--- AVAILABLE DATA ---

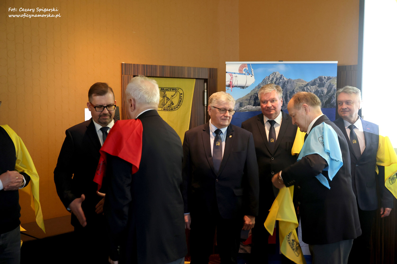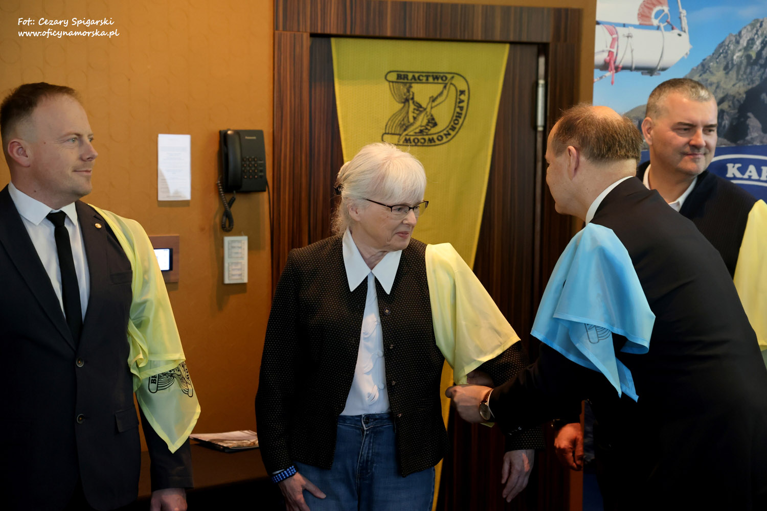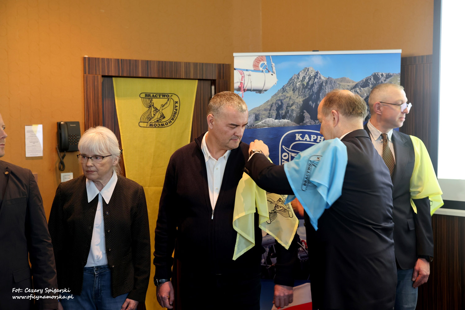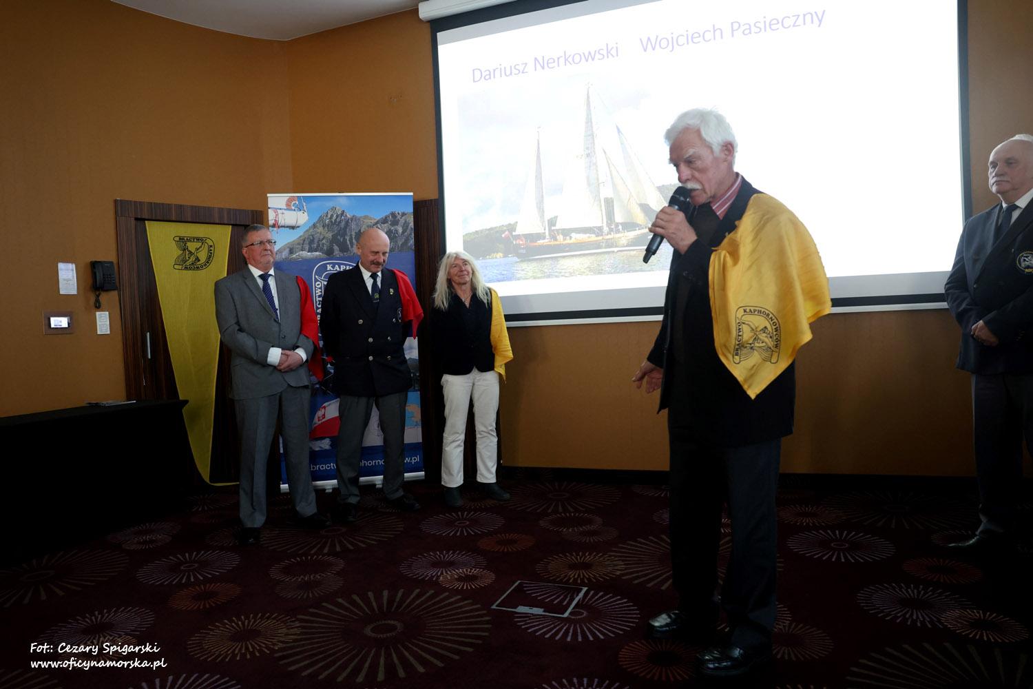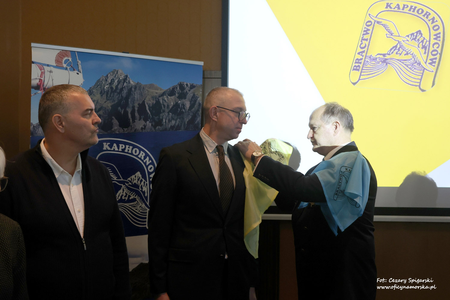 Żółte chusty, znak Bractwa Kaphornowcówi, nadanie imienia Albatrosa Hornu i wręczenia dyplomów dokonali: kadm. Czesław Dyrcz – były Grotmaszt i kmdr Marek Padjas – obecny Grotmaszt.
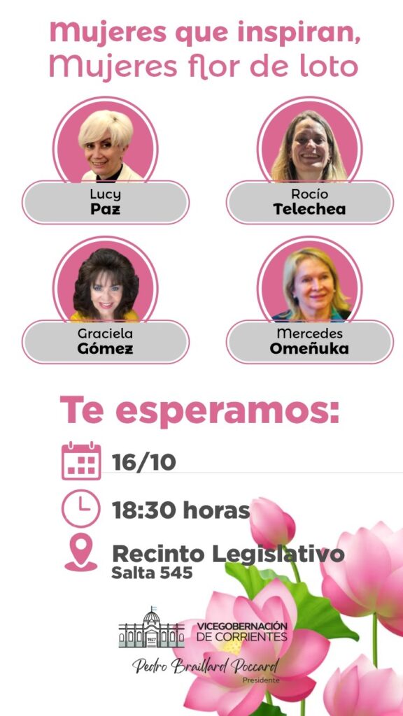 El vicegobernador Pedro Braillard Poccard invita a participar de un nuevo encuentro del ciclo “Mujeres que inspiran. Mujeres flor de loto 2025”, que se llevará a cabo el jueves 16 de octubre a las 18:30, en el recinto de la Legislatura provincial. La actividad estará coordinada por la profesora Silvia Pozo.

---
--- AVAILABLE DATA ---

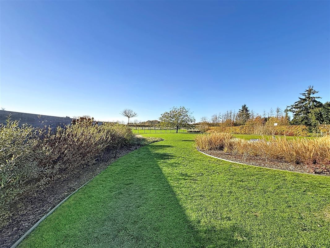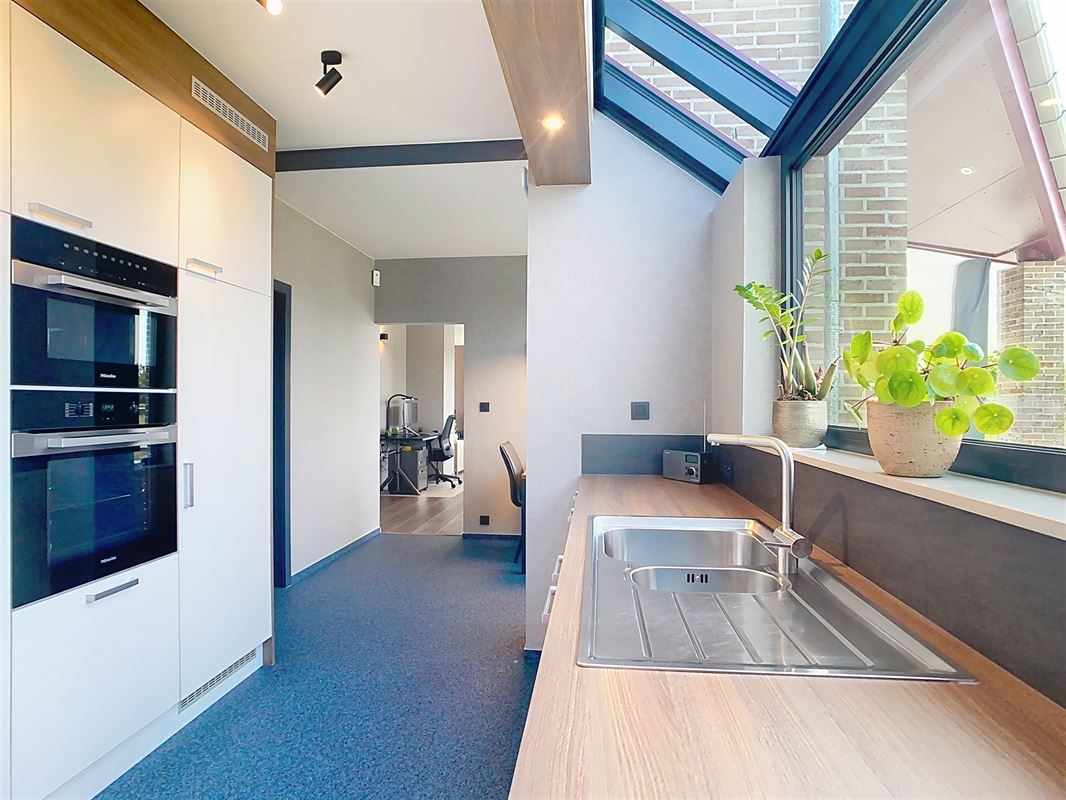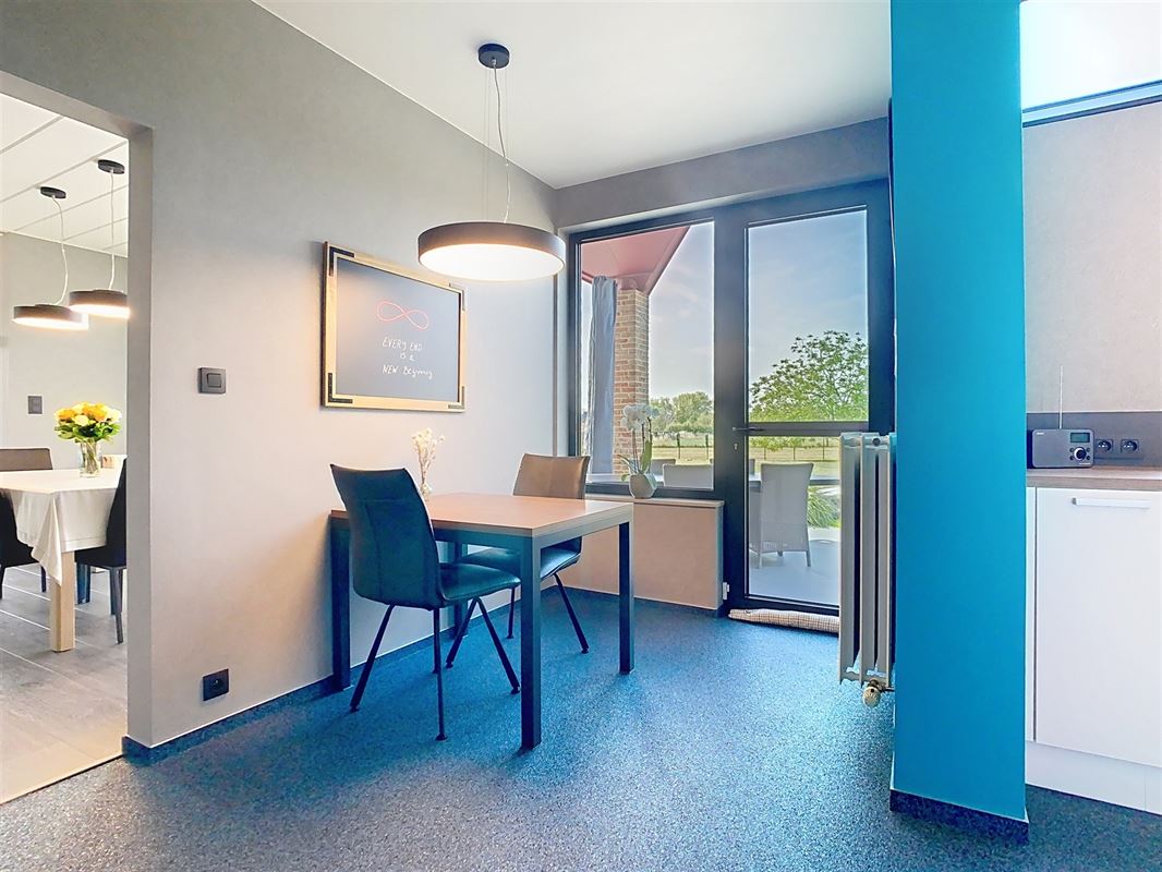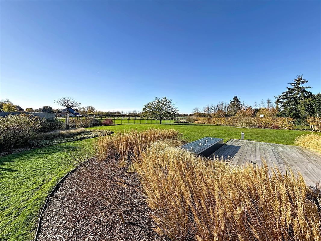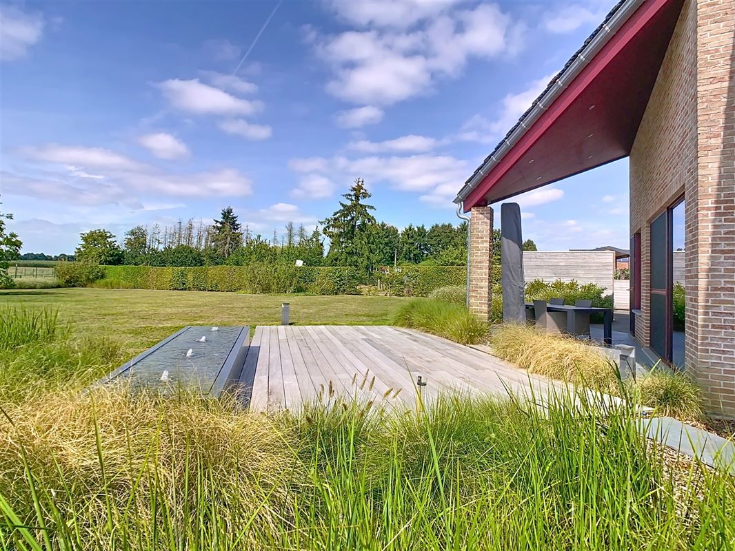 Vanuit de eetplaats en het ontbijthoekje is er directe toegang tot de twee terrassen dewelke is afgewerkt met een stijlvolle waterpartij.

---

_TASK REQUIREMENTS_
Set down exactly the lines above, from the line containing "Żółte chusty, znak" through the line containing "El vicegobernador Pedro". Skip the pictures.

_RESULT FOR THIS EXERCISE_
 Żółte chusty, znak Bractwa Kaphornowcówi, nadanie imienia Albatrosa Hornu i wręczenia dyplomów dokonali: kadm. Czesław Dyrcz – były Grotmaszt i kmdr Marek Padjas – obecny Grotmaszt.
 El vicegobernador Pedro Braillard Poccard invita a participar de un nuevo encuentro del ciclo “Mujeres que inspiran. Mujeres flor de loto 2025”, que se llevará a cabo el jueves 16 de octubre a las 18:30, en el recinto de la Legislatura provincial. La actividad estará coordinada por la profesora Silvia Pozo.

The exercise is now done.